Evidence type: Insight i
Qualitative research is more exploratory, and uses a range of methods like interviews, focus groups and observation to gain a deeper understanding about specific issues - such as people’s experiences, behaviours and attitudes.
Quantitative research uses statistical or numerical analysis of survey data to answer questions about how much, how many, how often or to what extent particular characteristics are seen in a population. It is often used to look at changes over time and can identify relationships between characteristics like people’s attitudes and behaviours.

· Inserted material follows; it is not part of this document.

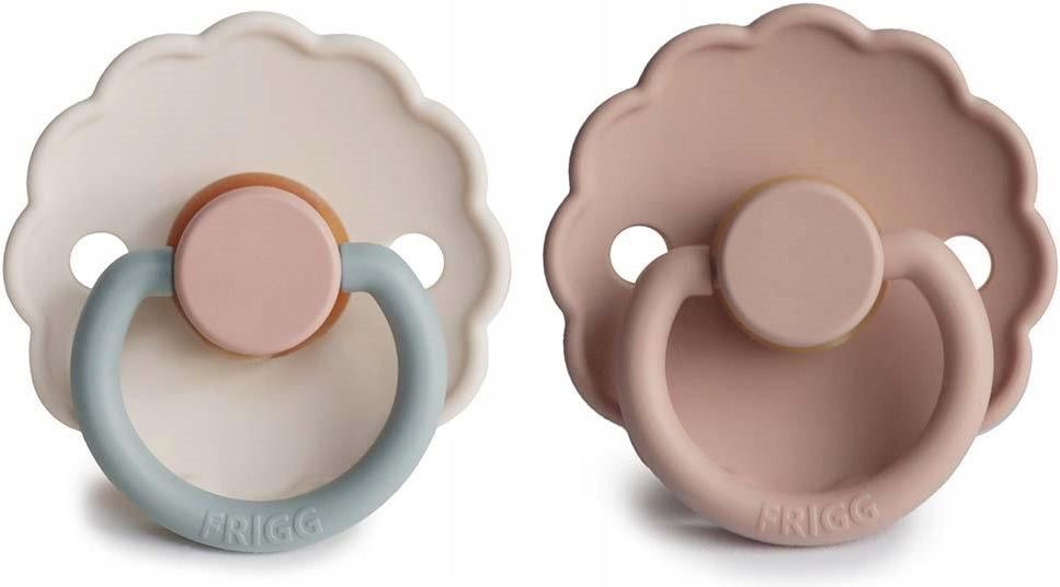 FRIGG Smoczki 0-6m Daisy Kauczuk 2-Pack Blush/Cotton Candy - Rozmiar 1 producent: Frigg Smoczki marki FRIGG to esencja piękna w swojej prostocie. Charakterystyczny styl boho to element wyróżniający tej Duńskiej marki. Tarcza smoczka jest odpowiednio wyprofilowana aby nie dodykać deliatnej skóry …

There are approximately 65 million active personal current accounts in the UK. These accounts generated £8.1 billion revenue in 2013; an average of £125 per account. In 2014 it was estimated that 94% of UK adults have at least one account, with 40% having two or more. While the importance and penetration of the current account market is irrefutable, there have been major public concerns about how well it works. Two of the main concerns are the low transparency of overdraft charges and the low levels of switching between personal current accounts. In 2008 the Government recommended annual summaries including charges to consumers, while in 2012 text alerts were available at all major UK banks. Over the same period, mobile banking apps were also rolled out.
This 2015 report from the Financial Conduct Authority, in conjunction with the Office of Fair Trading, looks to understand the impact of annual summaries, text alerts and mobile banking apps on customers. To infer the impact of the initiatives, monthly data was analysed (using advanced econometric methods) from customers of two major UK banks in the UK between 2011 and 2014. Account level data on a representative sample of 500,000 customers over 30 months from one bank (Bank A) was obtained, along with aggregated results over 36 months from another bank (Bank B), allowing the authors to cross-check and validate their results.
Because annual summaries are sent out on a rolling basis, some people receive them before others. This allows for a natural experiment that makes it possible to analyse their impact by comparing the behaviour of those who receive them early to those yet to receive them, while controlling for other factors.
To infer the impact of text messages and apps from customers of Bank A, the authors compare the behaviour of those who do sign up for these services to their own behaviour before doing so, along with the behaviour of those who do not sign up.
For Bank B, the authors use a spike in sign-up rates after the release of the mobile banking app as a natural experiment to estimate the impact of it. The switching behaviour or the effect of text alerts could not be analysed for customers from Bank B due to limitations of the data.